Is the BP7X the only extended battery for droid2s models?
im thinking in getting a new one, but im not sure if there's another one with more capacity (mah)


----------



## Destrto (Jul 31, 2012)

Kitsune said:


> Is the BP7X the only extended battery for droid2s models?
> im thinking in getting a new one, but im not sure if there's another one with more capacity (mah)


I believe there was a bigger one, like a dual battery almost by the looks of it that required a much bigger door to hold. But the BP7X is the only one ive seen lately. I use it currently and get a full days use out of it even with heavy email and text use.
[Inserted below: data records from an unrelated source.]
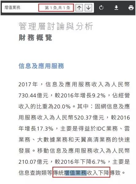 下图为中国电信2017年报截图,全文仅有一处涉及“增值业务”(繁体汉字)。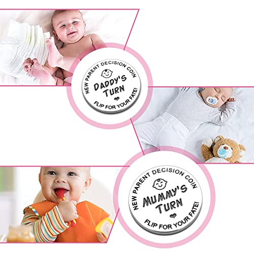 1.【Neue Elternentscheidungsmünze】Tolles Geschenk für die neuen Eltern,um eine Entscheidung zu erleichtern.Sie können frischgebackene Eltern dabei unterstützen,eine schnelle Einigung in Säuglingsangelegenheiten zu erzielen.Es kann neue Elternstreitigkeiten aufgrund von Säuglingsproblemen reduzieren und gleichzeitig die Freude an der Begleitung des Babys erhöhen.Bestes Geschenk für werdende Papa Mama.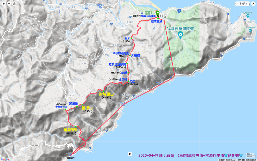 今天的路線,是一條視野遼闊幾無掩蔽的路線,建議朋友們一定要準備防曬的帽子、袖套、防曬油等物品。如果只要走草嶺古道,可走過虎字碑到埡口時,就直接往大里車站方向下山。如此由福隆到大里車站總長約為9.3km。如上圖所示,由福隆沿著紅色路線走到埡口後,再沿者綠色路線下山到大里車站。這樣的難易程度會給:中低。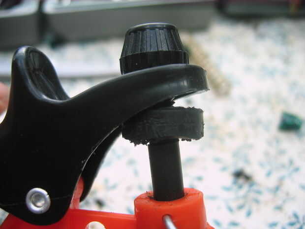 Ahora cuando la manija hacia abajo, empuja en este pedacito de goma y el eje va como se esperaba.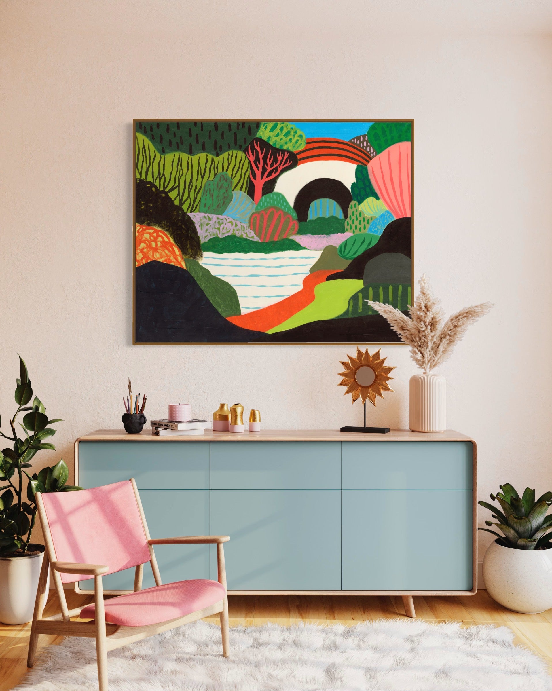 Did you know that staring at beautiful art can improve your mood, enhance focus, and reduce stress? Sure can. So next time you need a boost, lose focus or feel stress weighing on you, take a moment to feel the magic by getting lost in our colorful abstract landscapes.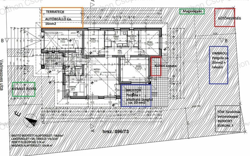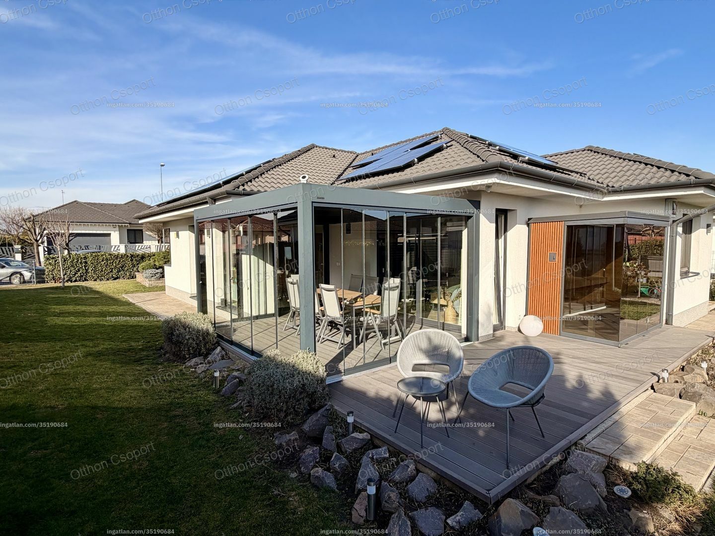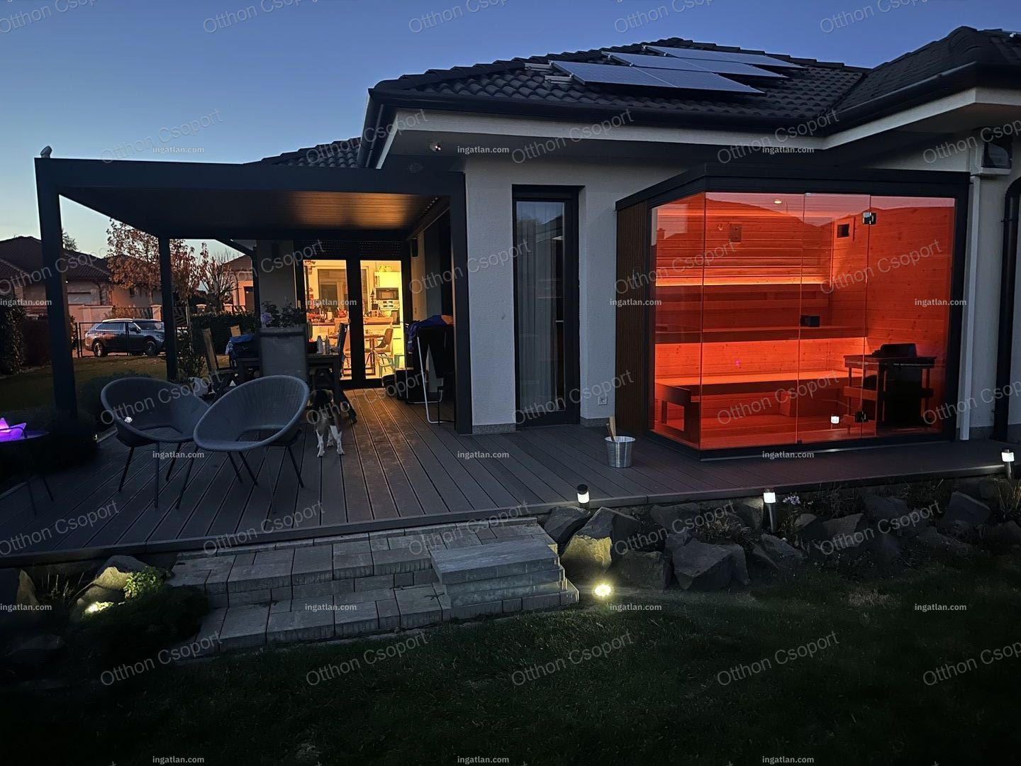 - Különleges extrák: bioklimatikus pergola a terasz felett üvegfallal (Brustor), ami télikertént funkcionál. Relax sziget -szintén pergolával (Umbroll) - az udvaron. Grillező/sütő helyiség szintén kiépítve a kertben.

The Battery i was referring to is still available it seems. Link here - http://www.amazon.com/Replacement-Battery-GLOBAL-Extended-2300mAh/dp/B005L9H85U/ref=sr_1_25?s=wireless&ie=UTF8&qid=1345179364&sr=1-25&keywords=Droid+2+global+extended+battery


----------



## Kitsune (May 2, 2012)

Oh ic, thanks 4 sharing.
Indeed, Its a lil bit big









Sent from my DROID2 GLOBAL using Tapatalk 2


----------



## Destrto (Jul 31, 2012)

Kitsune said:


> Oh ic, thanks 4 sharing.
> Indeed, Its a lil bit big
> 
> 
> ...


Yea the one i linked is a bit bulky. But the extended battery you linked is only slightly bigger than the stock And it, in my opinion, gives a better grip to the handling of the phone.


----------



## Xplorer4x4 (Jul 15, 2011)

Since the title mentions accessories, I thought I would mention that D2 cases will work on the M2 and the D2G. On the D2G, the top corner does not fit well because the camera is raised a few mm compared the the D2, but I have been rockin a D2 case on my D2G for a long time!

Sent from my DROID2 Global


----------



## Kitsune (May 2, 2012)

Good to know about that.
Btw theres any wired headphones with remote(music controls) which actually works?
Sent from my DROID2 GLOBAL using Tapatalk 2


----------